What is your mission? What do you exist for? What’s the purpose of your organization? Why was it created? What are you really trying to accomplish? Second, who’s your customer? Who is it that has this need for what it is that you do? Product, service, combination of the two. The third piece, I think is one of the critical pieces, what do they value? The way that you present and you think about your product or service may not be the same way that they value that.
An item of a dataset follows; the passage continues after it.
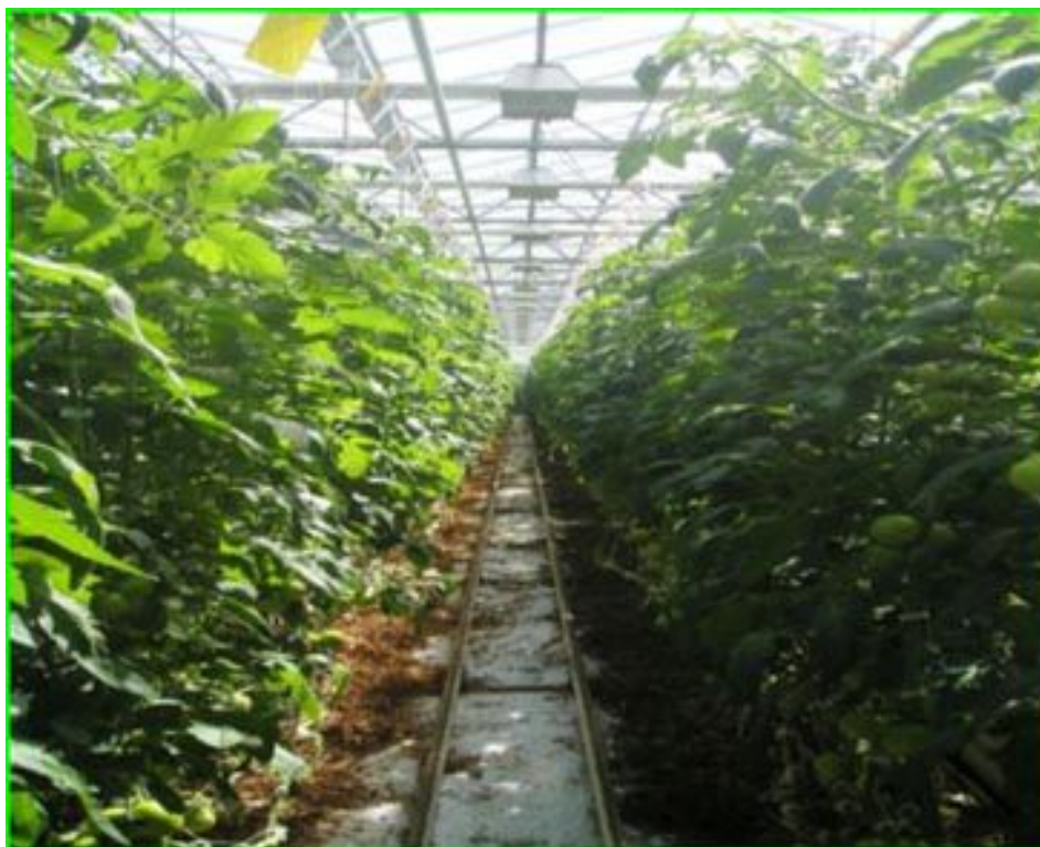
Photo 13 : dispositif à gauche de l'allée, les plants avec Hexahédon et à droite les plants avec l'eau de la ville :

Il n'y a pas de différence de durée de conservation des fruits entre le témoin et la parcelle avec Hexahédon. Les fruits étaient de même couleur et de même fermeté. L'affaissement des épaules était la même après 14, 26 et 34 jours de conservation en chambre froide à 15 °C.

It’s the dialogue and that deep level of understanding about who your clients are, how they think, how they behave, what their habits are, what the challenge is, how they’d recognize whether or not they have this potential problem that you think that they might have. Then what’s the process that you use collaboratively with them to really validate, test, and confirm for you and for them they have it, it’s a big problem, and they’re ready, willing, and able to solve it.

That really is the empathy we were talking about earlier and that’s the sweet spot that you’re solving. If that isn’t done, then everything doesn’t work.

It becomes a challenge. The fourth question is, what are your results? What have you been able to accomplish to date? Number of customers, number of products, whatever the series of metrics that exist are. Now that you have those four answered, the final question is, “Now, what’s your plan?” Given everything that you now know, what are you going to do?”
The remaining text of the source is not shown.